*Data supplied*.
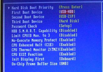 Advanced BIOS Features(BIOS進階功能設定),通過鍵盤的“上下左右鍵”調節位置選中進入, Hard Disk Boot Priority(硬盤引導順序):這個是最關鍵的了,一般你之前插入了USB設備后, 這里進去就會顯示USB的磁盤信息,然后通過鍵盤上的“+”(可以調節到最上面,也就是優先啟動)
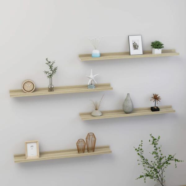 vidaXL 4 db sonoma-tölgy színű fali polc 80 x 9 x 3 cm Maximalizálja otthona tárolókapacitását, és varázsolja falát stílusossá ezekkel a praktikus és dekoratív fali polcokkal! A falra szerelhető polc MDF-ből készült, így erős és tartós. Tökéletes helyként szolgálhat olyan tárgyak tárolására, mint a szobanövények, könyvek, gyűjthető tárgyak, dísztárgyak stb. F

--

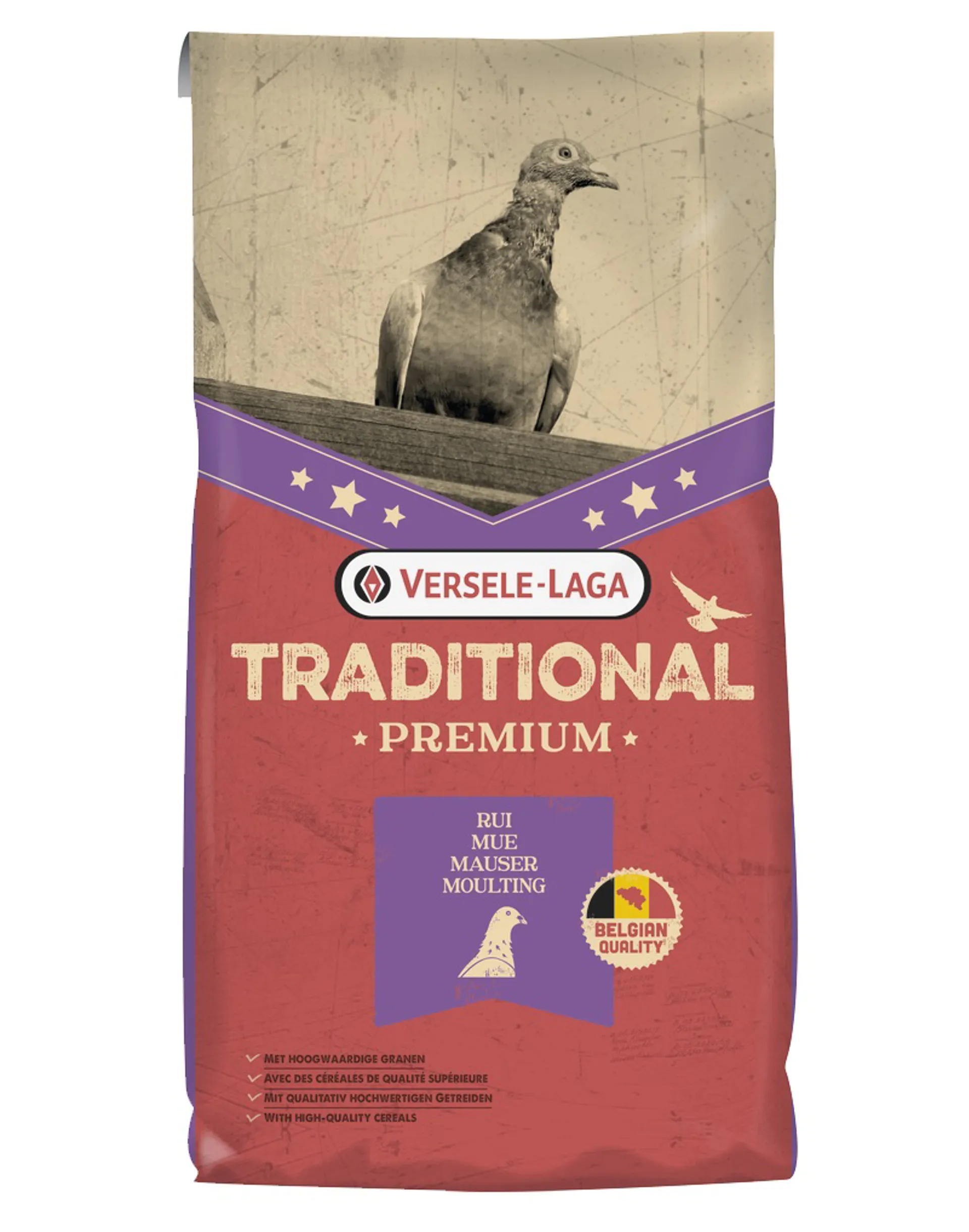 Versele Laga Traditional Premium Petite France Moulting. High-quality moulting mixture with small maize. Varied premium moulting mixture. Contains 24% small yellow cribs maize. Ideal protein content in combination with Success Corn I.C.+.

*Activity*. Nothing outside the stretch above, from the line with "Hard Disk Boot" through the line with "vidaXL 4 db", is set down. Transcribe that stretch exactly, ends included, but not its pictures.

*Exercise response*.
 Advanced BIOS Features(BIOS進階功能設定),通過鍵盤的“上下左右鍵”調節位置選中進入, Hard Disk Boot Priority(硬盤引導順序):這個是最關鍵的了,一般你之前插入了USB設備后, 這里進去就會顯示USB的磁盤信息,然后通過鍵盤上的“+”(可以調節到最上面,也就是優先啟動)
 vidaXL 4 db sonoma-tölgy színű fali polc 80 x 9 x 3 cm Maximalizálja otthona tárolókapacitását, és varázsolja falát stílusossá ezekkel a praktikus és dekoratív fali polcokkal! A falra szerelhető polc MDF-ből készült, így erős és tartós. Tökéletes helyként szolgálhat olyan tárgyak tárolására, mint a szobanövények, könyvek, gyűjthető tárgyak, dísztárgyak stb. F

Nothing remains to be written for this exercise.